Léonie Bischoff : « J’étais contente de faire, en tant que femme, un livre avec un personnage féminin fort »
Léonie Bischoff est une autrice de bande dessinée de nationalité suisse qui vit à Bruxelles depuis de nombreuses années. Son album consacré à l’écrivaine Anaïs Nin, intitulé Anaïs Nin : sur la mer des mensonges, a remporté en 2021 le Prix du public au Festival d’Angoulême. Figure ambigüe et complexe, Anaïs Nin y est avant tout présentée comme une personnalité forte, éprise de liberté et animée par un vif besoin de créer.
Léonie, toutes tes bandes dessinées solo mettent en scène des figures féminines, que ce soit Gaby dans Princesse Suplex, Adèle dans Hoodoo Darlin’ ou Anaïs Nin dans le roman graphique éponyme. Peut-on leur trouver des caractéristiques communes ?

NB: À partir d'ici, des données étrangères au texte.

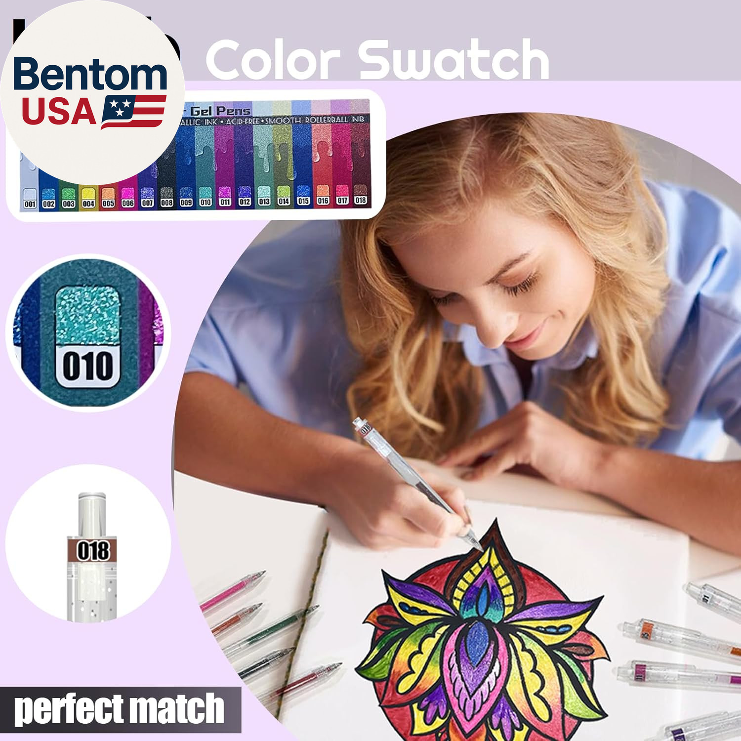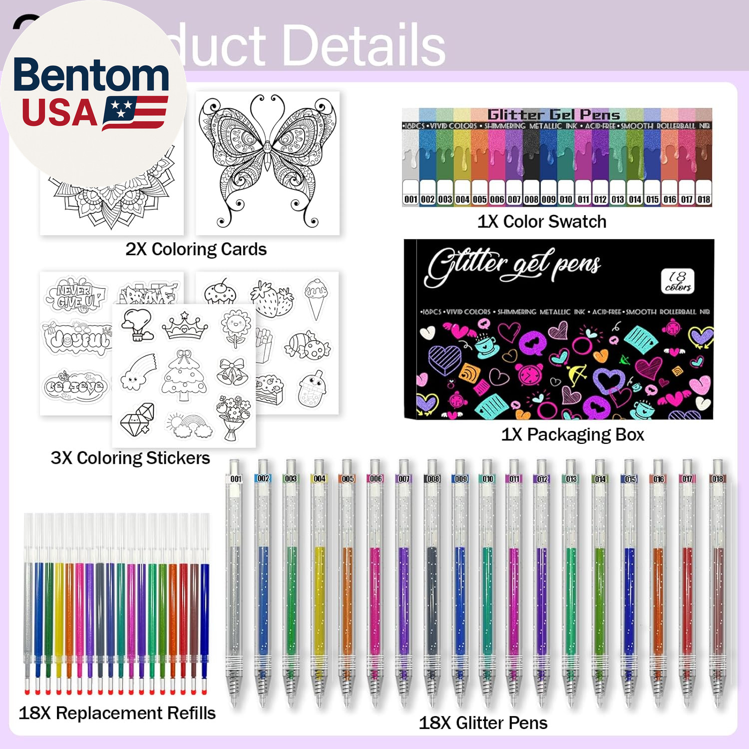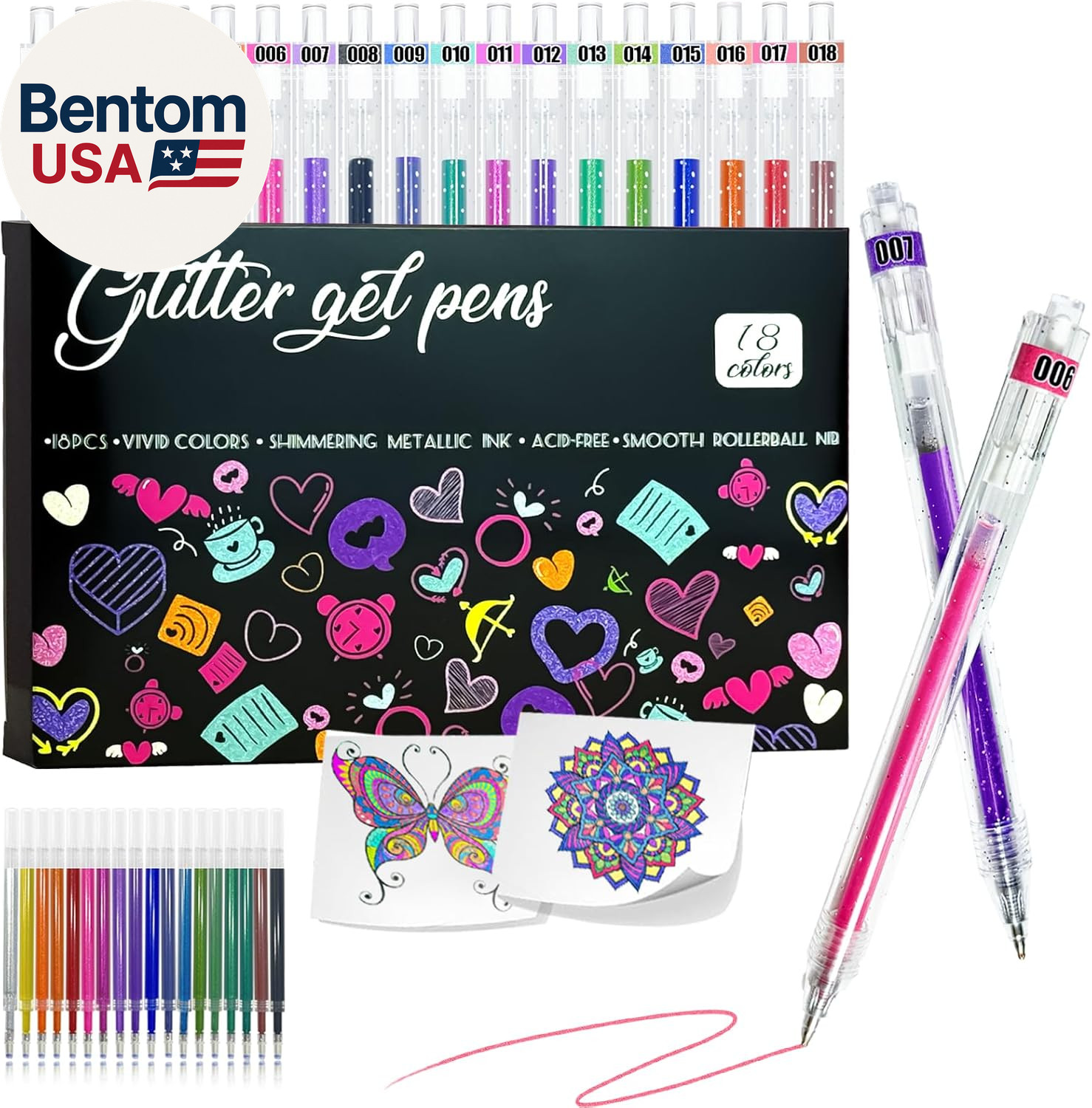 Glitter Pens 18 Colors with 18 Refills, Retractable Glitter Gel Pens for Adult,

Je crois que la caractéristique commune, je m’en suis rendu compte après avoir fini le dernier, donc celui sur Anaïs Nin, c’est que ce sont toutes des femmes qui cherchent à gagner plus d’espace et de liberté que ce qu’elles ont à la base. Après, elles ont toutes des contextes de vie, des époques et des challenges bien spécifiques… Je pense à une force de caractère et un refus de se laisser enfermer ou réduire à ce que les autres voudraient qu’elles soient, c’est ça surtout leur point commun. Et ce sont tous des personnages qui m’inspirent, même si sur les trois, il y en a deux que j’ai complètement inventés, qui sont plus des expressions de ce désir qu’il y a en moi de gagner plus d’espace.
Dans Anaïs Nin, tu utilises ce qu’on appelle le female gaze, le regard féminin…
Au moment où j’ai écrit Hoodoo Darlin, je n’avais encore jamais entendu parler du female gaze ou même du male gaze, et c’était plus quelque chose d’inconscient. J’étais déjà consciente que les œuvres réalisées par des femmes me parlaient différemment, me parlaient peut-être plus intimement, et donc j’étais contente de faire, en tant que femme, un livre avec un personnage féminin fort et de le montrer… Par exemple, il y a une scène où Adèle est nue mais elle n’est pas sexualisée, et pour moi, ça, c’était important.
Pour Anaïs Nin, c’était évident qu’il fallait être de l’intérieur parce que c’est comme ça qu’elle écrit, c’est comme ça qu’elle m’a touchée, c’est comme ça qu’elle existe. Et c’était aussi en opposition à des biographies qui ont été écrites sur elle, en particulier dans les années 90, avec des gens qui ont l’impression qu’ils ont tout compris et qui sont complètement à côté de la plaque en fait… Qui sont super jugeants, super pathologisants… C’était vraiment en opposition à ça, et donc j’ai essayé d’être très fidèle à sa façon à elle d’écrire, à ses mots à elle, à ne pas chercher une vérité mais à essayer de retranscrire son expérience. En ajoutant par-dessus tout le côté visuel qui me venait en la lisant.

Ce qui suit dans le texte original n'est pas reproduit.